Why we are building mcp.hebo.ai
We were experimenting with agents and needed something quick to test whether MCP actually works —not only in theory, but end-to-end, against a real server. Most MCP servers we found lived on GitHub, which was great for learning, but meant self-hosting, wiring, and maintenance just to run an experiment.
At the same time, we kept discovering the same truth: there’s a whole class of things agents are not good at. Counting, validation, precise lookups, deterministic logic—these aren’t model problems, they need tools.

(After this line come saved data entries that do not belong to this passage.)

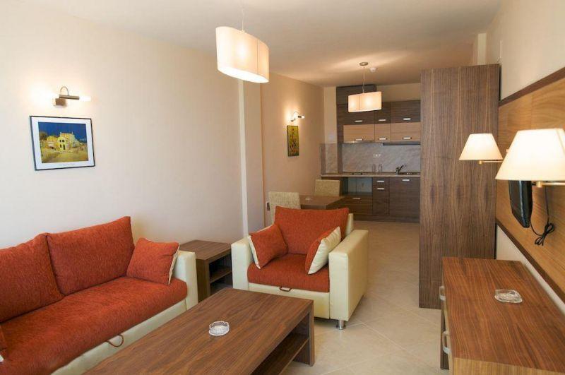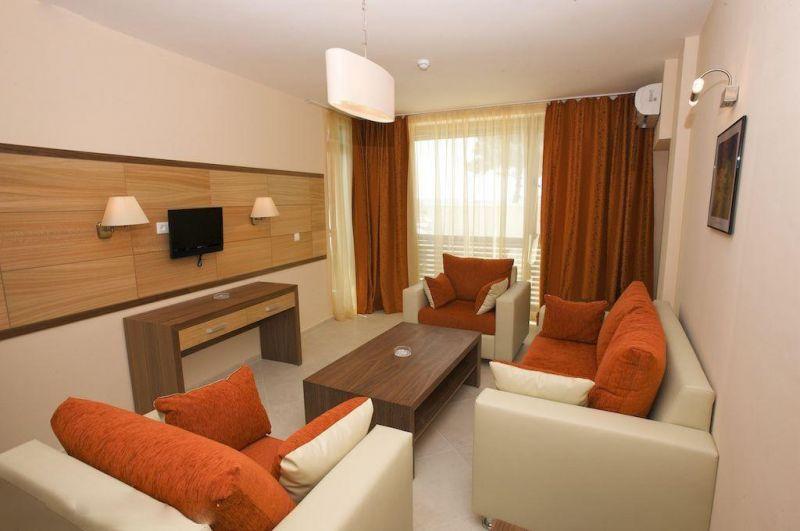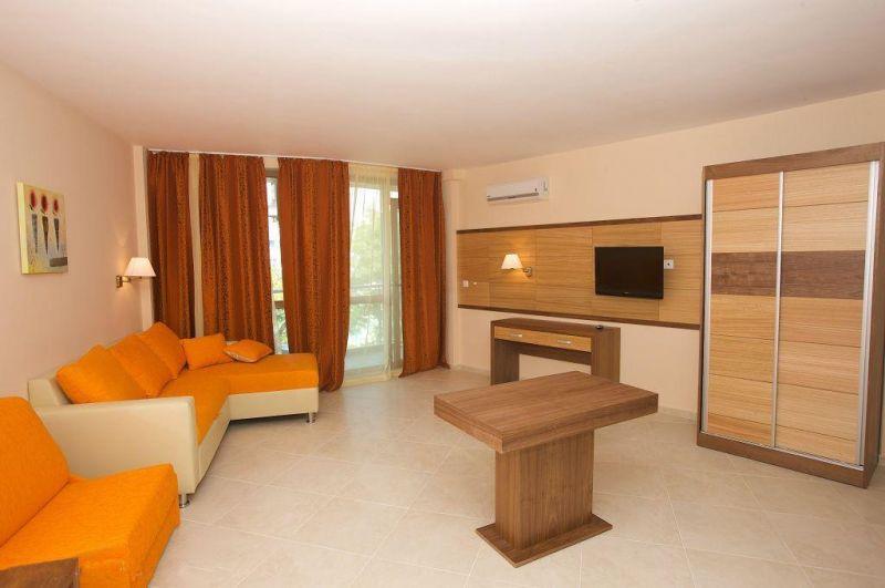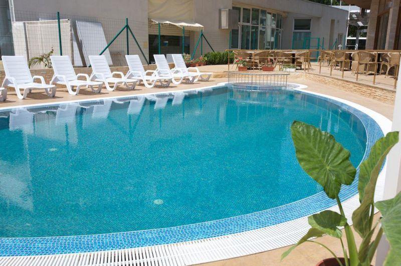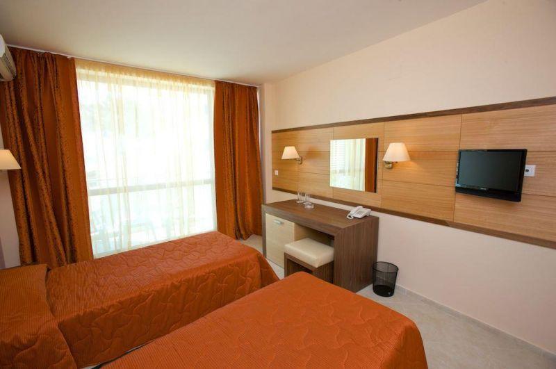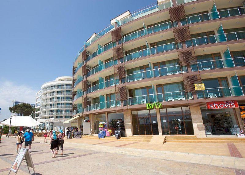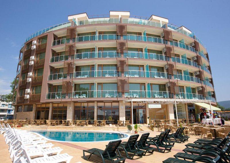 в курортном комплексе Солнечный берег, в 35 км от аэропорта города Бургас и в 500 м от центра курорта, в 10 м от пляжа.
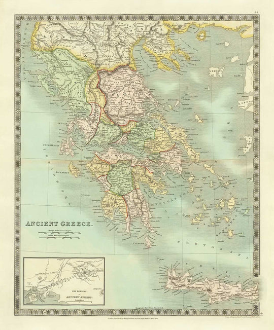 Die Karte zeigt das antike Griechenland, einschließlich Mazedonien in den Norden, wie es in etwa dem 12. bis 9. Jahrhundert v. Chr. Eine schöne Inset-Karte in der unteren linken Ecke zeigt eine Nahaufnahme des modernen Tages Reste von alten Athen.
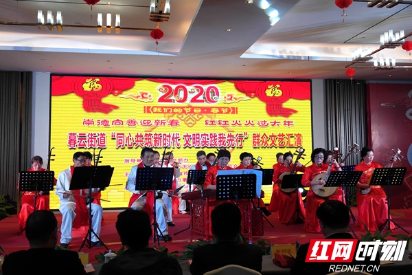 在随后进行的文艺汇演中,暮云街道的居民们为大家献上了一场精彩纷呈的文化盛宴,有积极向上的健身舞蹈《云塘之歌》,有展现湖湘本土韵味的花鼓戏《蝶恋花》,还有表达绵延思念的《潇湘家书》等,缤纷多彩的节目赢得现场观众阵阵喝彩。“代代传承家文化,移风易俗常态化。婚丧简办治陋习,盲目攀比是恶习。花草树木亦生命,共创宜居新环境。”庆新春,倡文明,演出间隙还穿插了以云塘社区居民公约为主题的有奖问答,居民们积极互动,现场洋溢着喜庆、欢乐的氛围。
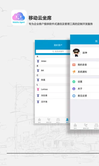 移动云坐席是一款面向企业内部的,支持定制开发的移动终端通信应用。
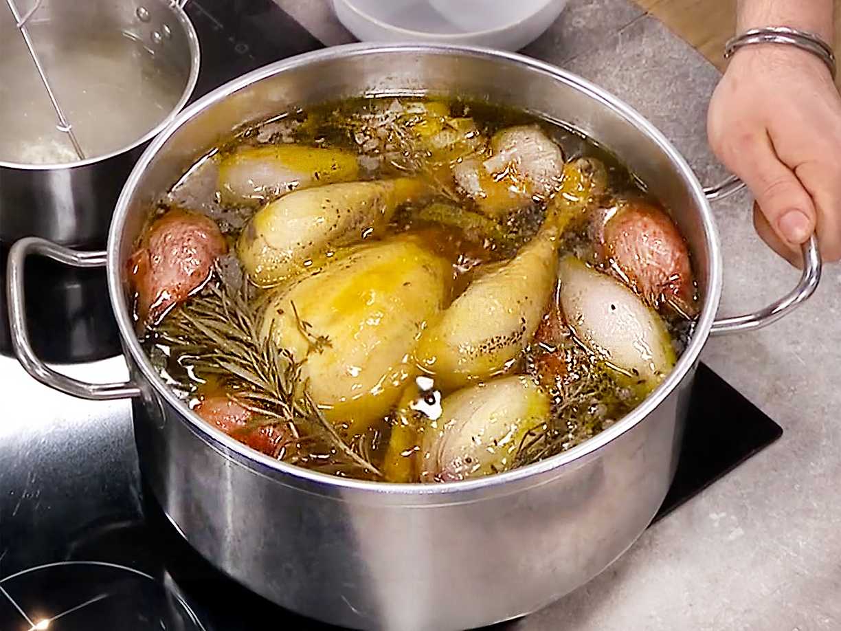 Kokt hel kyckling med glaserade grönsaker
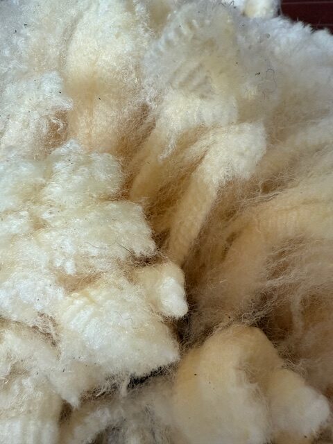 Raw white Cormo-Corriedale fleece for handspinners. Sold as two half-fleeces.
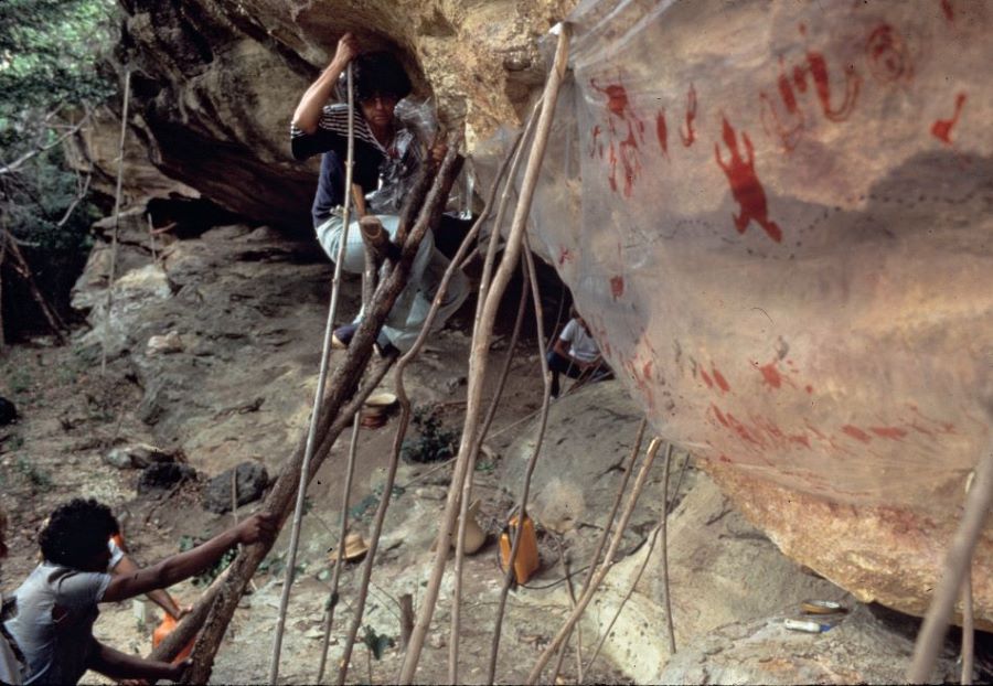 Niéde estudas pinturas rupestres. (Acervo FUMDHAM)
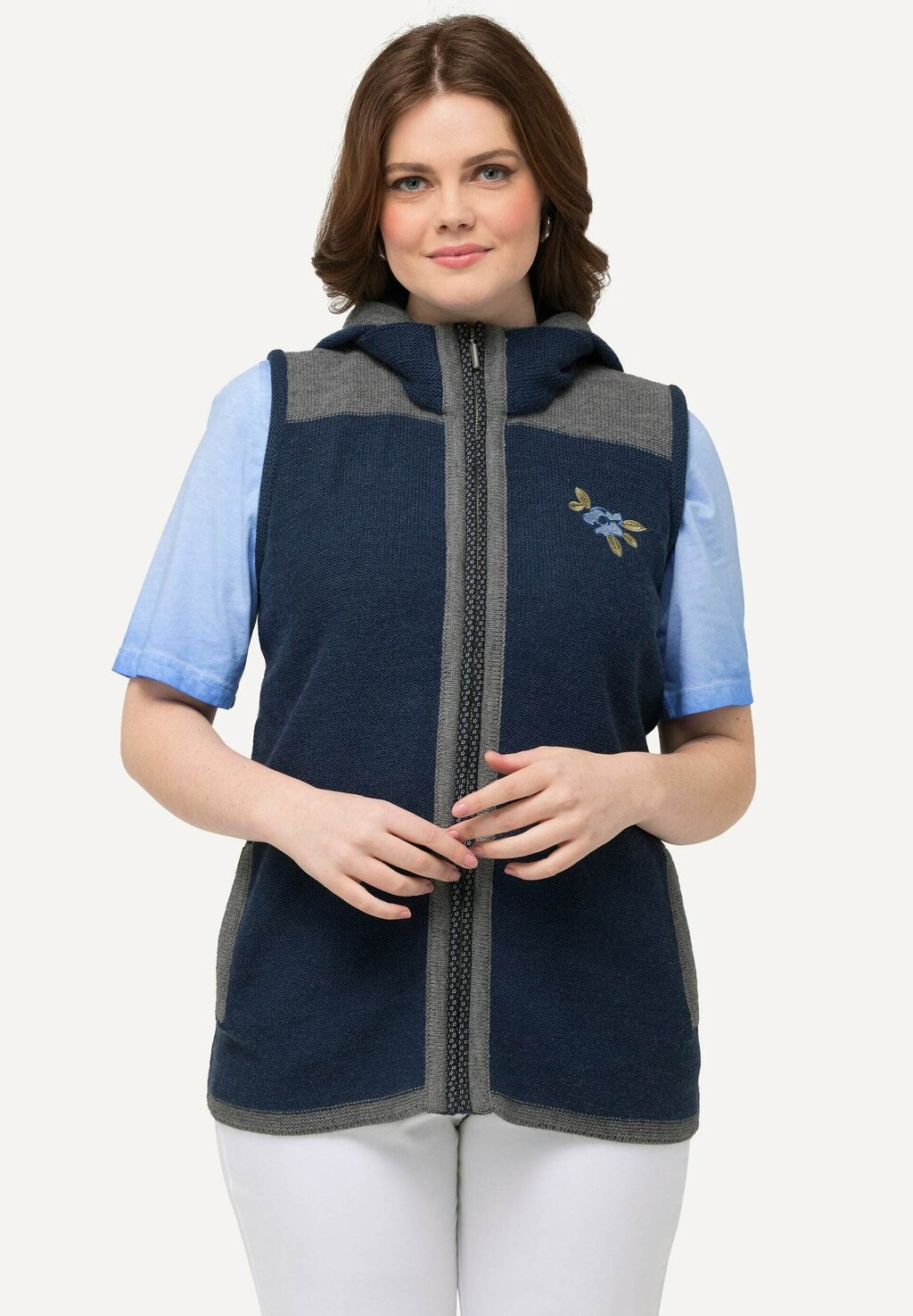 Жилет FLORAL EMBROIDERED Ulla Popken, синий
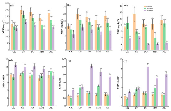 Figure 2. Soil microbial biomass C, N, and P content and their stoichiometric ratios. (a) MBC, microbial biomass carbon; (b) MBN, microbial biomass nitrogen; (c) MBP, microbial biomass phosphorus; (d) MBC:MBN, ratio of MBC to MBN; (e) MBC:MBP, ratio of MBC to MBP; (f) MBN:MBP, ratio of MBN to MBP. Different lowercase letters indicate significant differences between different soil layers of the same treatment (p < 0.05) and different uppercase letters indicate significant differences between different treatments of the same soil layer (p < 0.05).
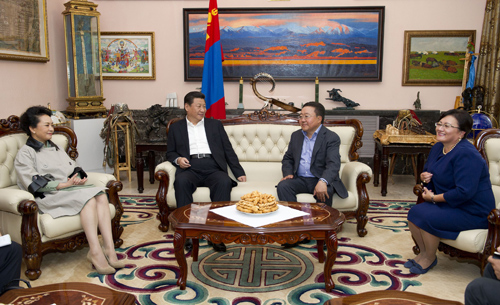 8月22日,国家主席习近平同蒙古国总统额勒贝格道尔吉在乌兰巴托市郊的总统官邸再次会晤。 新华社记者 黄敬文 摄
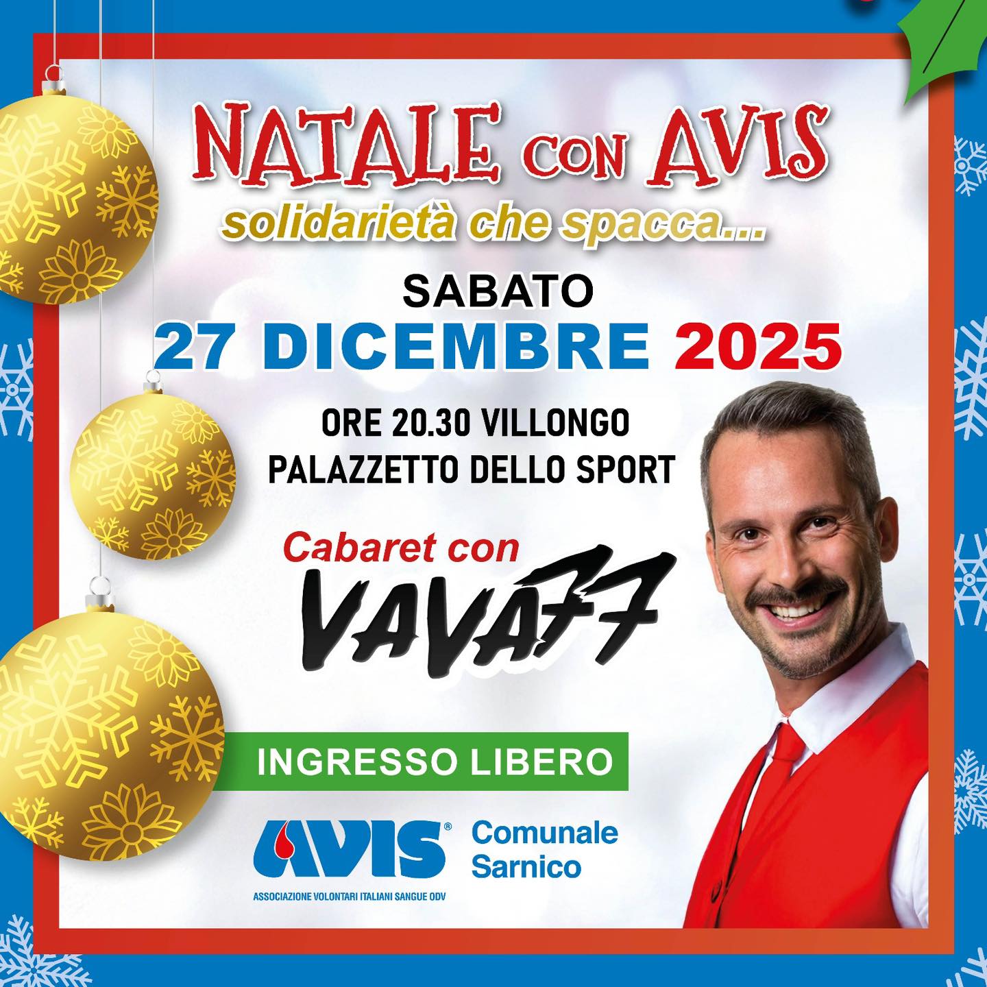 On Saturday, December 27th, at 8:30 pm, the “Christmas with AVIS” event will take place at the Palazzetto dello Sport in Villongo. It will be an evening of solidarity and laughter with the Cabaret di Vava 77.
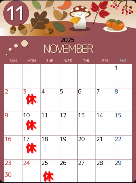 【11月定休日のお知らせ📢】3、10、17、25日お休み致します。よろしくお願い致します🙇「...
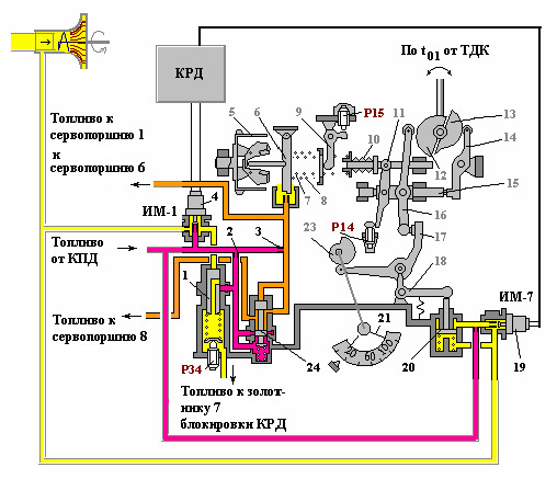 Р14 - винт регулировки максимальной частоты вращения n2; Р15 - винт регулировки частоты вращения n2 на малом газе; Р34 - винт регулировки равновесной скважности S1; 1 - золотник ИМ КРД; 2, 3 - жиклеры; 4 - электромагнитный клапан ИМ регуляторов n1, n2 и t4 КРД; 5 - центробежный датчик частоты вращения; 6 - маятниковый клапан; 7, 8 – пружины; 9 - рычаг; 10 - термокомпенсатор; 11 - рычаг; 12 - кулачок коррекции максимальной частоты вращения п2; 13 - кулачок коррекции частоты вращения малого газа; 14 - рычаг; 15 - шток; 16, 17, 18 - рычаги; 19 - электромагнитный клапан перестройки максимальной частоты вращения n2; 20 - поршень перестройки максимальной частоты вращения n2; 21 – рычаг управления НР; 23 - кулачок заданной частоты вращения; 24 - селектор.
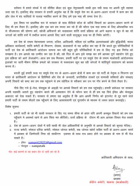 पत्र में आगे कहा गया है कि हजारों की संख्या में सशस्त्र पुलिस बल तैनात कर घेराव एवं उन्मूलन हमले को अंजाम दिया गया. माड के गुंडेकोट के पास 21 मई को हुए भीषण हमले में साहसिक रूप से प्रतिरोध करते हुए हमारी पार्टी के महासचिव कामरेड बसवाराजू सहित केंद्रीय कमेटी के स्टाफ एवं उनके सुरक्षा गार्ड के 28 साथी शहीद हुए. इस परिप्रेक्ष्य में उनसे पहले किए गए शांति वार्ता की प्रक्रिया को बीच में आधा अधूरा न छोड़कर उनके विचारों के अनुरूप शांति वार्ता को आगे बढ़ाने के लिए हमनें यह निर्णय लिया है.
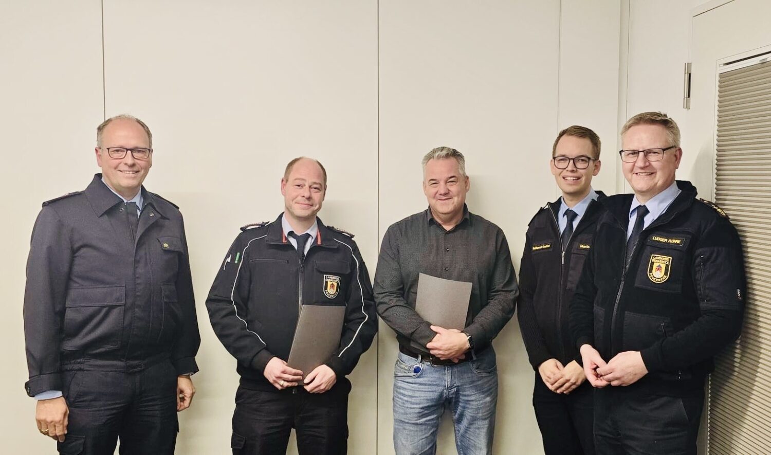 Im Rahmen der jüngsten Sitzung des ständigen Arbeitskreises ABC-Einsatz der Kreisfeuerwehr Osnabrück wurde Andre Friedrich-Winter von der Werkfeuerwehr Georgsmarienhütte GmbH mit Wirkung vom 01.01.20026 offiziell zum neuen Zugführer des Fachzugs 4 „Messen + Spüren“ ernannt. Er folgt auf Oliver Eckl, der nach vielen Jahren engagierter Leitungstätigkeit aus seiner Funktion ausscheidet. Kreisbrandmeister Ludger Flohre nahm die Übergabe im feierlichen Rahmen vor und würdigte dabei das langjährige Engagement und die hervorragende Arbeit von Eckl

The official MCP SDK didn’t make this easier. While it has plenty of examples, they’re very low-level and often overly complicated, making it hard to see how everything fits together in a real system.
At the end of the day, tools are just simple functions with a human readable description of their functionality, which agents can use to decide when to call them. And MCP is just a way to access them remotely.
So mcp.hebo.ai became our shortcut: a live MCP server, real tools, and a place to prove MCP works by actually using it. What started as a test harness stuck around, because once the tools exist, you don’t want to rebuild them every time.
We’ll keep adding tools over time, focusing on the kinds of capabilities agents consistently struggle with. Join us on our journey via X (@heboai) or reach out to us on Discord.
Hebo MCP exists so experimenting with MCP doesn’t start with infrastructure—and agents don’t have to pretend they can do everything.